Veronica 15 days ago

Derdriu Thank you

Robin Hood as a legend is still seen as a jolly fellow. The truth of the matter is that he was an outlaw and bribed the poor not to give him up to the authorities by giving them part of his loot.

Edward 1 is seen as a good king but the others you mention don't get a look-in. Robin is traditionally believed to have lived in the time of King Richard The Lionheart an Richard's brother John.

Veronica 15 days ago

Frank
Magna Carta was never for "society ". It was for the benefit of the church and nobility. The ordinary people had nothing to do with it.

frankbeswick 15 days ago

Magna Carta has a good reputation on this side of the water, for it was a step on a long path towards a more just society, but it was not the whole process.

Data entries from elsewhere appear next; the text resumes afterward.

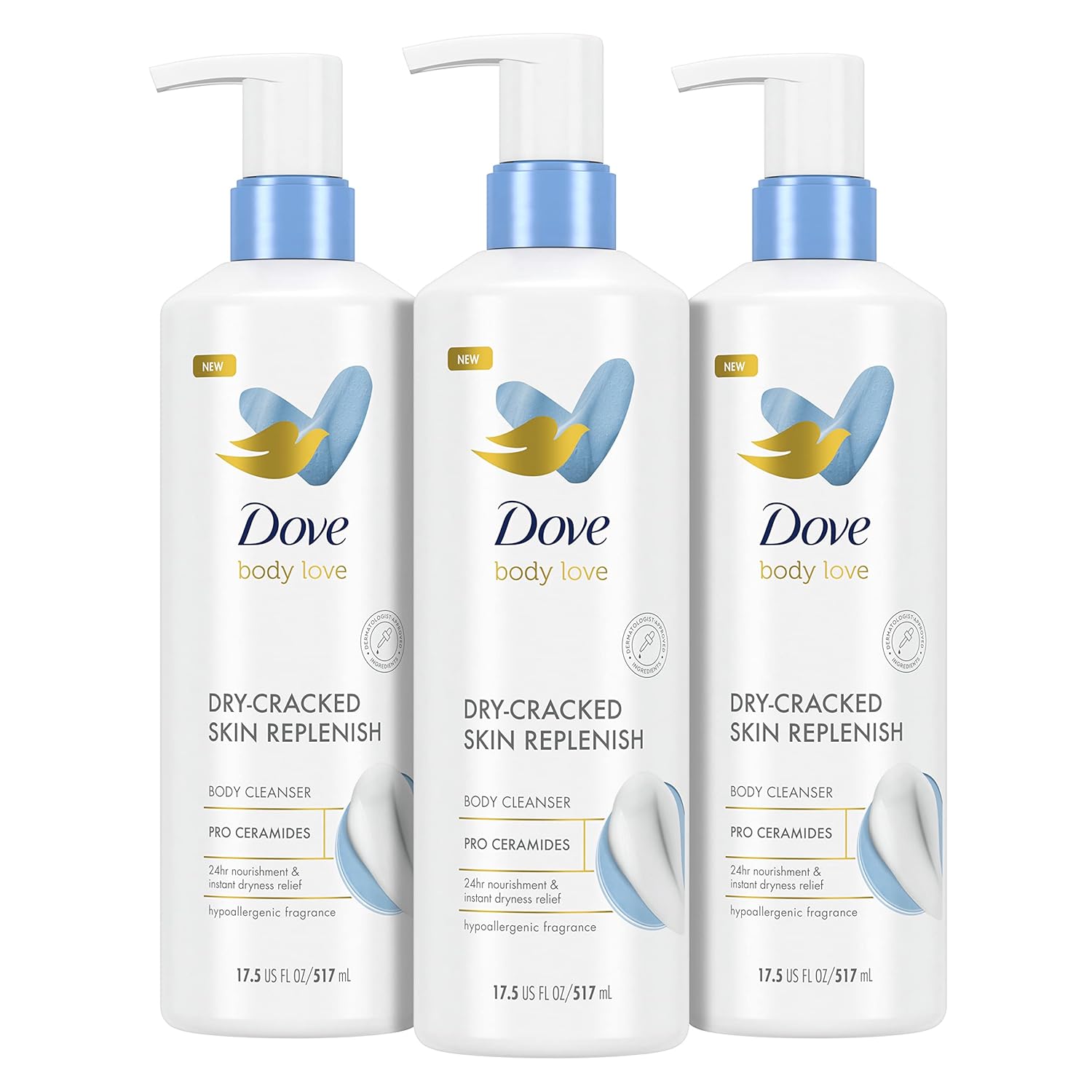 Care for your skin condition, now starts in the shower with the Dove Body Love Dry-Cracked Skin Replenish Body Cleanser with Pro Ceramides, boosts skin's natural ability to lock in moisture and intensively moisturizes and restores dry-cracked skin. The paraben-free and sulfate-free body wash is made with plant-based cleansers and 10x Moisture Restore Complex* to transform even the driest skin in just one shower. How To Use: Squeeze a generous amount of Dove Dry-Cracked Skin Replenish Body Cleanser into your palms, or onto a loofah. Naturally-derived cleansers help this body cleanser create a luxurious lather. Smooth the gentle body wash formula over your body and allow the light lather to caress, smooth, and hydrate skin. Rinse with warm water to reveal skin that feels moisturized, smooth, and soft. This body cleanser for your skin care routine is PETA-certified vegan, and is made in 100% recycled plastic bottles, so you can feel good about switching to Dove. At Dove, our vision is of a world where beauty is a source of confidence, and not anxiety. So, we are on a mission to help the next generation of women develop a positive relationship with the way they look—reaching over ¼ of a billion young people with self-esteem education by 2030. We are also committed to a landmark new initiative as part of our 2025 commitment to reduce plastic waste; reducing over 20,500 metric tons of virgin plastic annually by making the iconic beauty bar packaging plastic-free globally; launching new 100% recycled plastic bottles; and trialing a new refillable deodorant format that radically reduces plastic use. As one of the largest beauty brands in the world, we are revealing an agenda setting commitment to tackle the global beauty industry’s plastic waste issue. *10x the moisturizes of the next leading body wash,REPLENISH DRY-CRACKED SKIN: Dove Body Love Dry-Cracked Skin Replenish Body Cleanser delivers 24-hour nourishment and instant dryness relief,MADE WITH DERMATOLOGIST-APPROVED INGREDIENTS: This body cleanser with Pro Ceramides boosts skin's natural ability to lock in moisture,UNIQUE MOISTURIZING FORMULA: This gentle body cleanser is formulated with 10x Moisture Restore Complex with 10x the moisturizes of the next leading body wash,CLEAN INGREDIENTS: This cleanser is made with naturally-derived gentle skin cleansers, no sulfates or parabens, is PETA-certified vegan, and made from 100 percent recycled plastic bottles,HYPOALLERGENIC FRAGRANCE: This gentle body cleanser is made with a hypoallergenic fragrance and is suitable for sensitive skin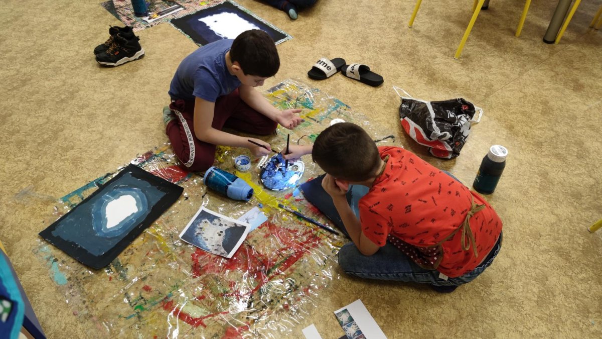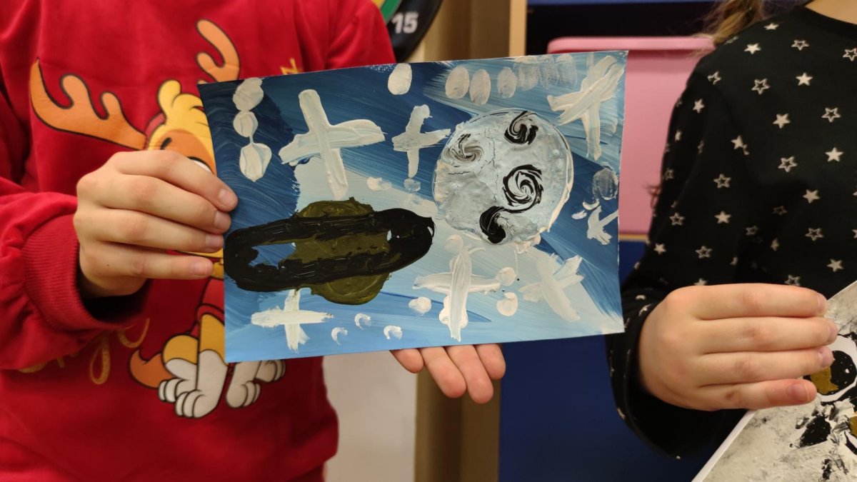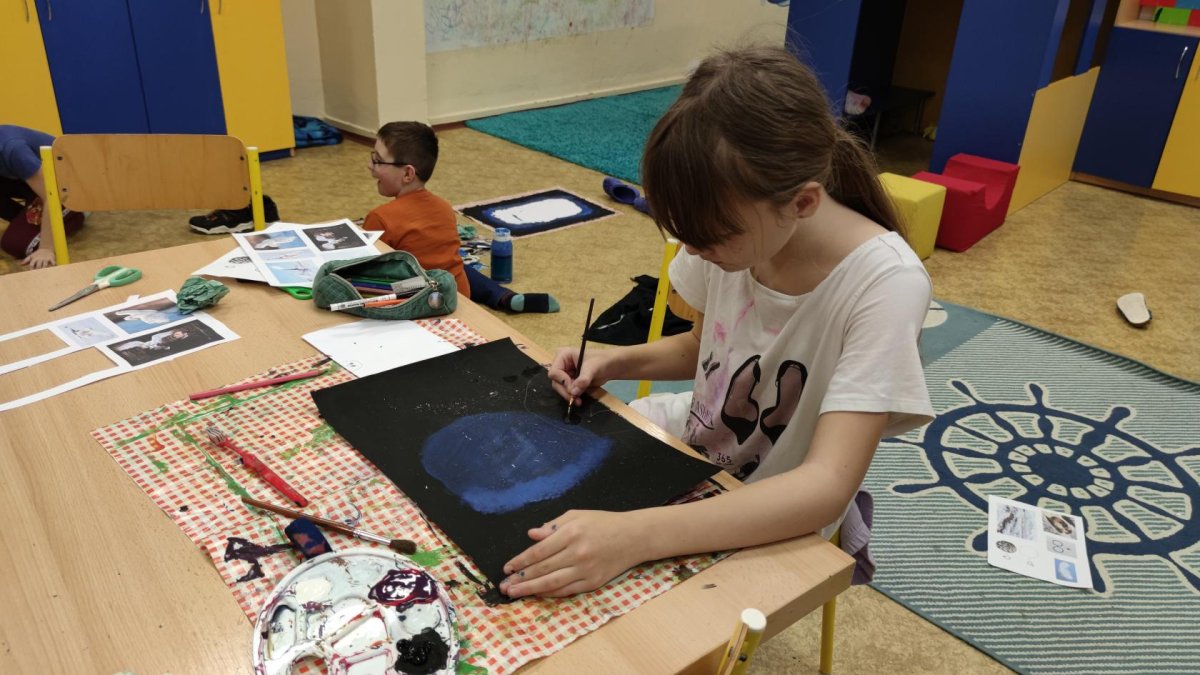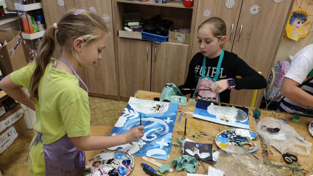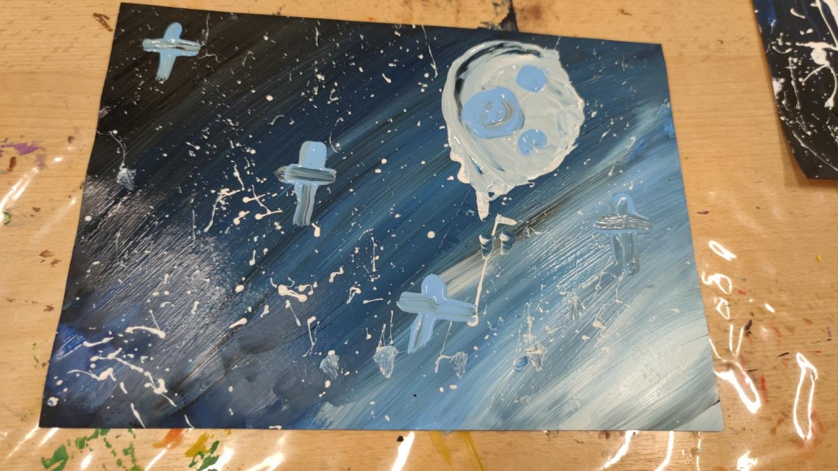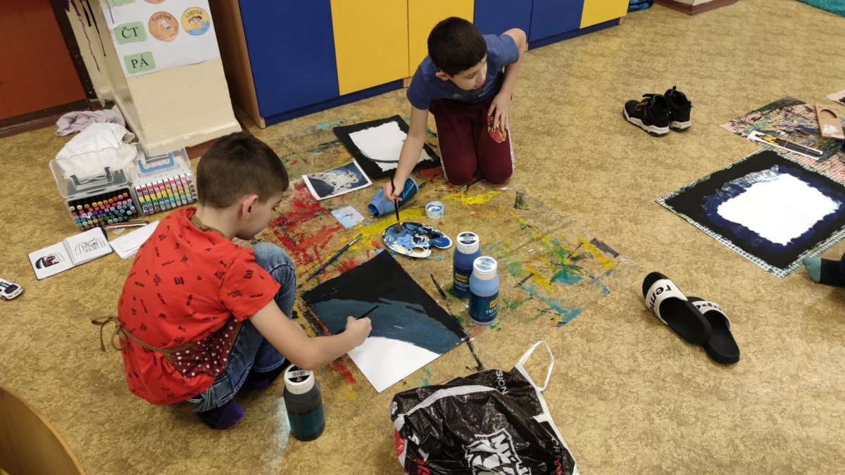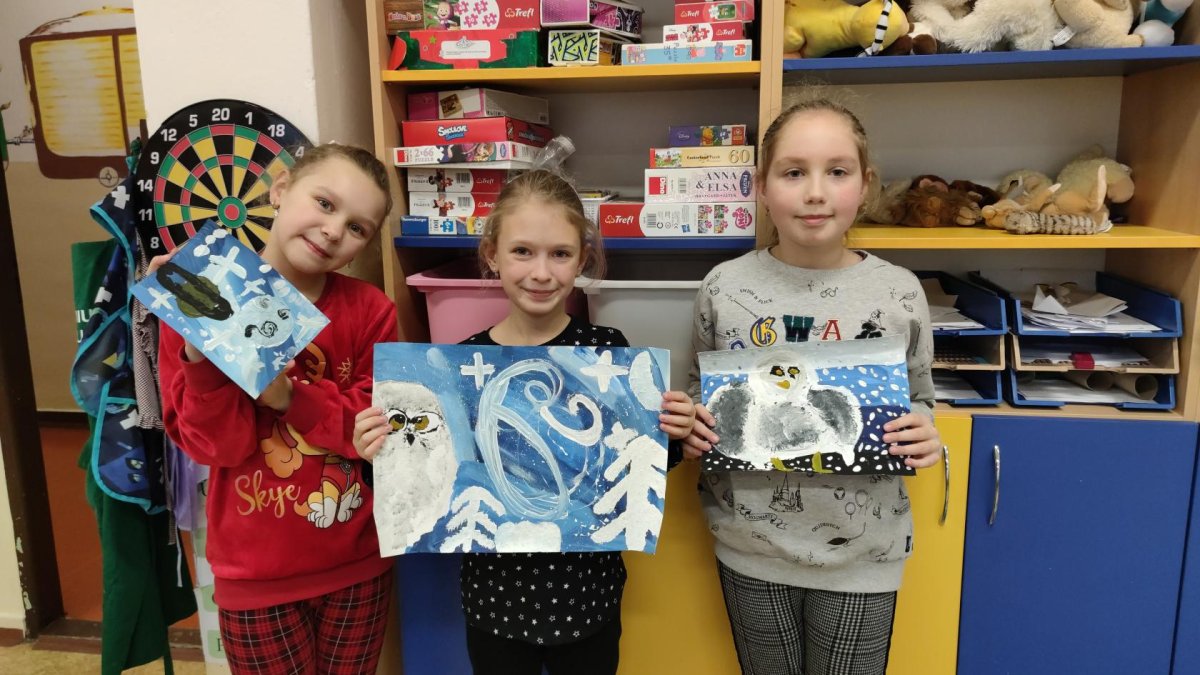 Druh této sovy se proslavil díky roli Hedviky z knížek a filmů o Harrym Potterovi. Na začátku kroužku nás čekala hádanka - pomocí nápověd ve formě obrázků a fotografií jsme hádali, co budeme malovat. Pak už jsme se pustili do tvorby pomocí štětců, kartáčků u špachtlí. Na papír jsme natírali, ťupkovali, roztírali i stříkali akrylové barvy. Někteří z nás se odklonili od tématu, a tak jsme na konci kroužku kromě sovic sněžných mohli vidět i obrazy z vesmíru.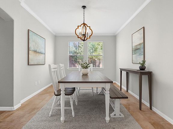 Fresh interior paintStainless steel appliancesNew wood-look tile flooringElegant formal diningSpacious family roomCovered patioSoaking tub

DerdriuMarriner 15 days ago

Veronica, Very well done!
The Navajo believe that good leaves this world with death whereas evil lingers. It's interesting that King John's reputation here lingers as evil, possibly because of losing the royal treasure in the Wash and predominantly because of Magna Carta's and Robin Hood's good reputations on this side of the Atlantic pond. And yet King John may have been an effective administrator and chief financial officer whereas Magna Carta at its time and in fact may have been very different from its twenty-first-century presentations.
Also, historians here prefer Kings Henry III, Edward I or Edward II, not King John, as Robin Hood's monarch. What is the interpretation on your side of the pond?

sheilamarie on 07/09/2015

The Magna Carta is usually thought of in a symbolic way, as others have said. It's helpful to examine what was actually written without losing its symbolic significance. Thanks for clarifying.

frankbeswick on 07/04/2015

Whether we as,citizens wish to celebrate iMagna Carta is one thing; whether it is worth celebrating is another.

I think that people took it up and declared their support for it because it promoted the values that would eventually give rise to democracy.

Veronica on 07/04/2015

But the " celebrations" were an 800th anniversary of the sealing of Magna Carta not what it came to mean. And Magna Carta was certainly nothing to celebrate.

frankbeswick on 07/04/2015

We have t o differentiate between what Magna Carta meant and what it came to mean as it was used. Veronica is right about the historic meaning, which was quite limited. But the document became a potent symbol, invested with the hopes of many that life could be lived under just laws that bound the authorities. But remember, there are people today who see it as a burden. A quote from a left wing socialist whom I had the misfortune to know, "Why do you need to have committed a crime to be arrested?" He had the vision of a future in which disagreement with his views merited arrest; and he was and is not alone. The price of liberty is constant vigilance against such people.